Полюбил я тебя с того самого первого момента, с первого любопытного полувзгляда, когда стеснялся смотреть на твою точеную фигурку и слегка вздернутый носик. Тогда, в момент  знакомства, я всего лишь один раз втянул в свои легкие изысканный столичный аромат незнакомого мне образа и недоступного девичьего тела. Я ощутил близость неведомой мне до того самого дня культуры московской полубогемы второй половины 80-х, с её чуть жеманными и напышенными манерами. Эта же самая культура ни в коей мере не позволяла тебе переходить границы дозволенного в общении с нами, приезжими, и ни капли не показывала своего превосходства в чем-либо, свою столичную надменность коренной жительницы сердца России "в четвёртом поколении". Ты была настоящей дочкой своей культурной мамочки, обладательницы небольших апартаментов в панельной пятиэтажке "внутри Садового Кольца" и всеми лучшими качествами души пыталась показать нам, "лимите", свою приближенность к узкому кругу старой творческой интеллигенции людей от искусства. Представители этой самой интеллигенции зачастую преподносили твоей маме презенты в виде шикарных букетов роз или флакончиков дорогих французских духов, привезенных из заграничных гастролей. А иногда это были контромарки на закрытый показ какого-нибудь нового итальянского фильма в знаменитом на всю Москву "Доме кино", что располагался неподалеку, на Васильевской, 13. Но ты никогда не перебарщивала с надменным показом себя, а наоборот, культурно как бы преподнося так, что и нам перестройка дозволила влиться в эту самую столичную тусовку. Ещё тогда я понял, как мне, с моей культурой и воспитанностью поволжской провинции далеко до тебя, далеко до твоих одновременно порочных и целомудренных плавных движений изысканной "светской львицы", зарождающейся в сногсшибательной семнадцатилетней первокурснице московского ВУЗа. Я прекрасно понимал, что пропасть, которая разделяет наши с тобой плоды воспитания, так широка, как путь от Земли до луны или как дорога от столицы до нашей провинции. Я смотрел на тебя украдкой и с восхищением, но прекрасно осознавал, что между нами никогда и ничего не может быть, никогда и ничего, потому что между нами всегда будет стоять моя Оля...

Когда заканчивался мой короткий отпуск и я отправлялся обратно в навигацию, то мечтал, что бы ты пришла провожать меня на Павелецкий вокзал вместе с Олей.

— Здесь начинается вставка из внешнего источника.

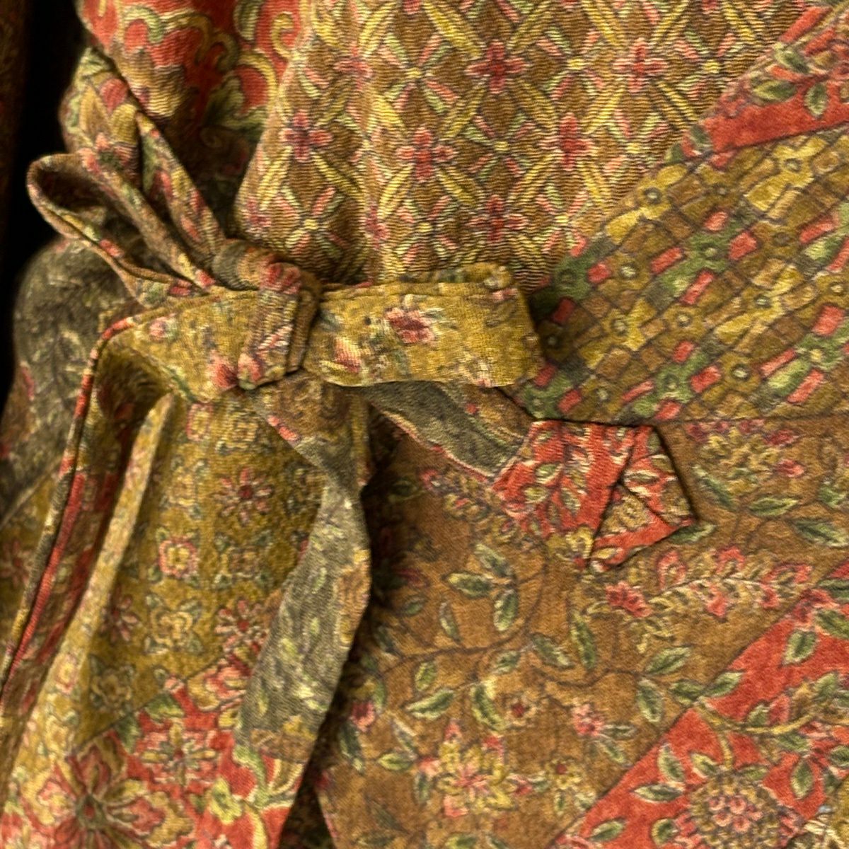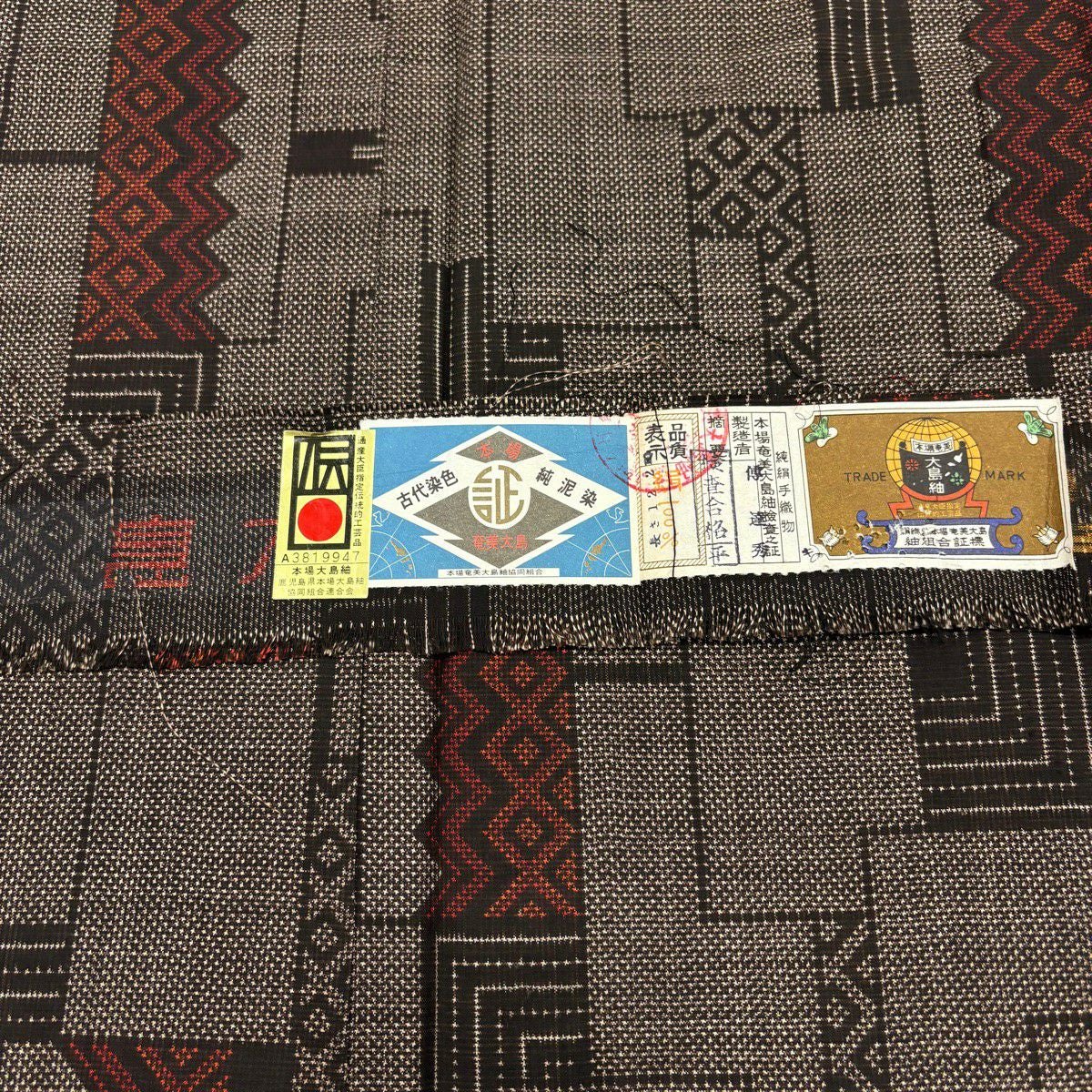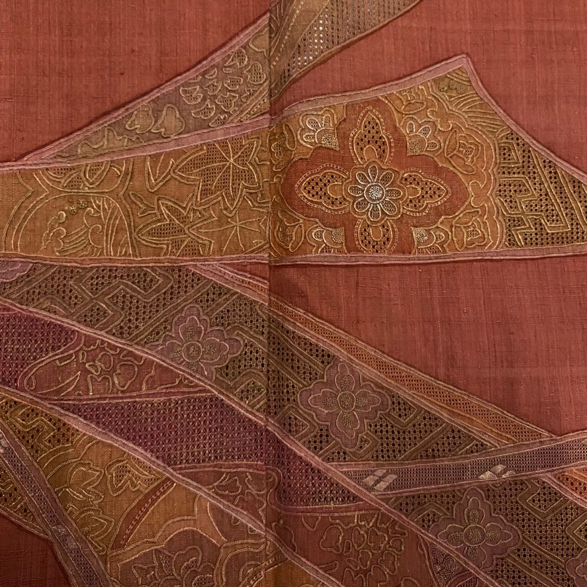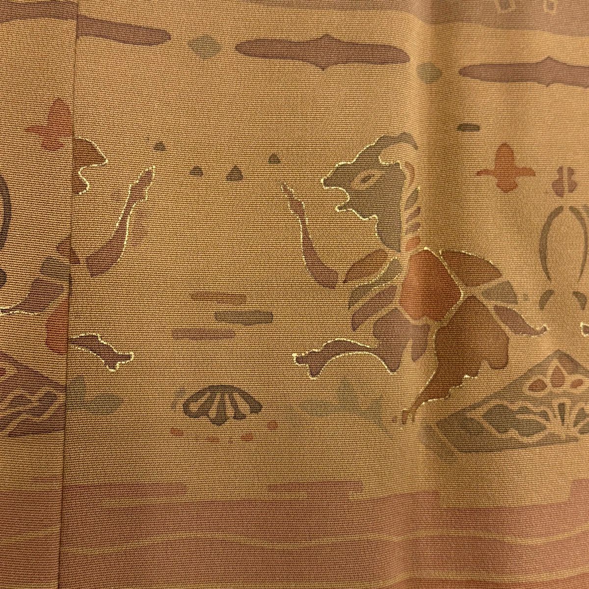 【在庫一掃】 【美品】 道中着 身丈87.5cm 裄丈65.5cm M 和装コート 幾何学 陶彩染 薄小豆 正絹 秀品

Что бы ты просто стояла рядом и своим большими выразительными красивыми и грустными глазами смотрела на меня, на наше трогательное прощание и мечтала обо мне, завидуя нашему счастью. У тебя просто ещё никогда не было своего парня. Я же, в свою очередь, оборачиваясь с подножки вагона, наблюдал за твоей реакцией на мой отъезд. Потом, устраиваясь на своем месте в вагоне, я долго и тихо улыбался сам себе, понимая, что мне не на что претендовать, незачем рисовать какие-то красивые и несбыточные картины по отношению к тебе. Но это затмевалось желанием, все-таки, снова увидеть тебя и я продолжал фантазировать на данную тему. Я хотел видеть тебя всегда рядом с ней, с моей Олей...

Я ехал на теплоход и уже строил планы на следующий месяц, когда мог бы снова приехать в Москву и на перроне вы вместе встречали бы меня, одна с искренней улыбкой и любовью, а другая с печальными глазами и ревностью. А, ведь, так оно и происходило осенью 1986 и весной следующего года...

Вы приходили на перрон вместе, ведь, Оля везде брала тебя с собой, а ты, возможно, хотела именно этого, нуждаясь в таком общении. У тебя не было на тот момент близких подруг и в провинциалке Оле ты её обрела. Ты приглашала нас в вашу с мамой маленькую двухкомнатную "хрущевку" в самом центре Москвы и мы сидели на такой же маленькой тесной кухонке за накрытым в честь моего приезда  столом. Мы, все трое, сидели очень близко друг к другу и я всегда был между вами, одновременно ощущая знакомый запах своей невесты и твой, отличимый от неё запах чужого манящего девичьего тела в эротичном полупрозрачном халатике, накинутом на одни тонкие беленькие трусики. И ты, даже, не скрывала своей сексуальности, не пряталась и не стеснялась, как будто так и должно было быть. Высокая небольшая грудь была очаровательна, а материал халатика, видимо, так терся об соски, что они были невероятно твёрдыми и сексуальными, очень и очень привлекательными и манящими к себе. И ты ни в коем случае не выставляла все это напоказ, просто твоя непосредственность подчеркивала нежность и женственность. Всё происходило, как будто это так и должно было происходить. У тебя, ведь, никогда не было сестёр и братьев и, возможно, ты хотела побыть моей младшей сестренкой, совершенно не стесняющейся своего старшего взрослого брата, как-то непринуждённо наивно и по детски реагируя на мои шутки во время разговора. А я, девятнадцатилетний парень, чувствовал себя из-за этого "не в своей тарелке", потому что близость тебя опять рисовала в моем воображении те самые эротически несбыточные картины. Не знаю, замечала ты это или нет, испытывала ли ты какое-то влечение ко мне или ревность к Оле, когда мы с ней улыбались друг другу, брались за руки и нежно целовались. Но электрические токи тонкими обжигающими жилками, мысленно соединяющими наши с тобой тела я ощущал и мне было немножко не по себе, испытывая одновременно и потребность в твоей близости, и дискомфорт создавшейся ситуации...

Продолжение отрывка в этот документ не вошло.